# **WEB SCRAPING NOTEBOOK**

# **Food Image Classification for the course** ***Foundations of Deep Learning***
**Professors:** 

Paolo Napoletano 

Marco Buzzelli

**Tutor:**

Mirko Agarla

# NOTEBOOK FOR DATA SCRAPING IN ORDER TO CREATE REJECTION CLASS

> What does it do?

This notebook provide a way of downloading images from https://commons.wikimedia.org by scraping, based on a custom choice of specific image categories. The amount of images scraped is equal to 254 for four categories such as *landscapes*, *architecture*, *clouds*, *entertainment*.

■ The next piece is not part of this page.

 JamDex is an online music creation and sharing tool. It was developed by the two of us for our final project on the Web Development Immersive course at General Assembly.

Before the scraping took place, the page https://commons.wikimedia.org/robots.txt has been checked in order to understand if any copyright violation was about to be committed. There was no indication that specific files were not free to download or scrape.

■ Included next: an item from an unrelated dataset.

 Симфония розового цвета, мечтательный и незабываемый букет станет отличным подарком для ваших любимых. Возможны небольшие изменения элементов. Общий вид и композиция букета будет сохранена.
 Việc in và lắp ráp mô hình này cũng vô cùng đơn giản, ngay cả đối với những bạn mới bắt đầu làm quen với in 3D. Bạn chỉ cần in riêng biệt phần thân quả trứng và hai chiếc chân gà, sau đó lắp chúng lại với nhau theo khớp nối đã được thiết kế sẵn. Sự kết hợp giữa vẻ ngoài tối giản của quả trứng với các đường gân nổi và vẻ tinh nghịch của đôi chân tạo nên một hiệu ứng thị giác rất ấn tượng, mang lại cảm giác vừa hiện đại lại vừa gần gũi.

Furthermore, they usually are available either under CC (Creative Commons: https://en.wikipedia.org/wiki/Creative_Commons_license) licence, Creative Commons Attribution-ShareAlike 4.0 International or the images come from https://unsplash.com (licence: https://unsplash.com/it/licenza), so they are freely available to be used by everyone and almost for any purpose.

> What is the goal?

The goal of this notebook is to obtain a certain amount of images in order to create another class, the *rejection_class* that it should be used in order to train the model. In doing so, the model should have the possibility to be able to distinguish also categories that are different from food.

In [None]:
# # REMOVE PREVIOUS FOLDER IF EXISTS
# !rm -rf rejection_class/

In [None]:
# IMPORTING PACKAGES
import time
import os.path
from os import path
from lxml import html
from re import search
import urllib.request
from urllib.request import urlopen
from bs4 import BeautifulSoup as bs4

In [None]:
# Link Google Drive account
from google.colab import drive
drive.mount('/content/gdrive')

Mounted at /content/gdrive


In [None]:
# PATH TO WHERE SAVE THE NEW DATA
DIR_ORIGINAL_DATA = r"/content/gdrive/MyDrive/Data_Science_2020-2022/Secondo_anno_Secondo_Semestre/FoDL_Project/Project_Example_Food/ExampleFoodImageDataset/rejection_class"

In [None]:
# BASE URL FOR CATEGORY
BASE_URL_CATEGORY_LANDSCAPES = r"https://commons.wikimedia.org/wiki/Category:Landscapes"
BASE_URL_CATEGORY_ARCHITECTURE = r"https://commons.wikimedia.org/wiki/Category:Architecture"
BASE_URL_CATEGORY_CLOUDS = r"https://commons.wikimedia.org/wiki/Category:Clouds_in_Nottuln"
BASE_URL_CATEGORY_ENTERTAINMENT = r"https://commons.wikimedia.org/wiki/Category:Aerial_photographs_of_events"

# BASE URL FOR WIKIMEDIA
BASE_URL_WIKIMEDIA = r"https://commons.wikimedia.org"

In [None]:
def get_download_path(base_url):
  """
    The goal of this function is to get the downloadable paths
    to use in the scrape_images function.
    You are going to get all the path for each single image that you'll
    use after with the scrape_images function.
    
    From https://www.simplilearn.com/tutorials/python-tutorial/python-internet-access-using-urllib-request-and-urlopen#:~:text=The%20urlopen()%20function%20provides,objects%20that%20perform%20these%20services.:
    
    The urlopen() function provides a fairly simple interface. 
    It is capable of retrieving URLs with a variety of protocols. 
    It also has a little more complicated interface for dealing with typical 
    scenarios, such as basic authentication, cookies, and proxies. 
    Handlers and openers are objects that perform these services.
  """

  # FETCH THE BASE URL
  # ERROR! HERE YOU NEED A STRING, NOT A LIST OF URL!!!
  # E SE SALVASSIMO I RISULTATI IN UNA LISTA E POI DA QUELLA LISTA, E NON
  # DALLA FUNZIONE, INIZIASSIMO AD APPLICARE LA FUNZIONE FINALE?
  html = urlopen(base_url)

  # APPLY bs4
  bs4_apply = bs4(html, 'html.parser')
  # FIND ALL ELEMENTS WITH THE CLASS galleryfilename galleryfilename-truncate
  link_images = bs4_apply.find_all('a', {"class": "galleryfilename galleryfilename-truncate"})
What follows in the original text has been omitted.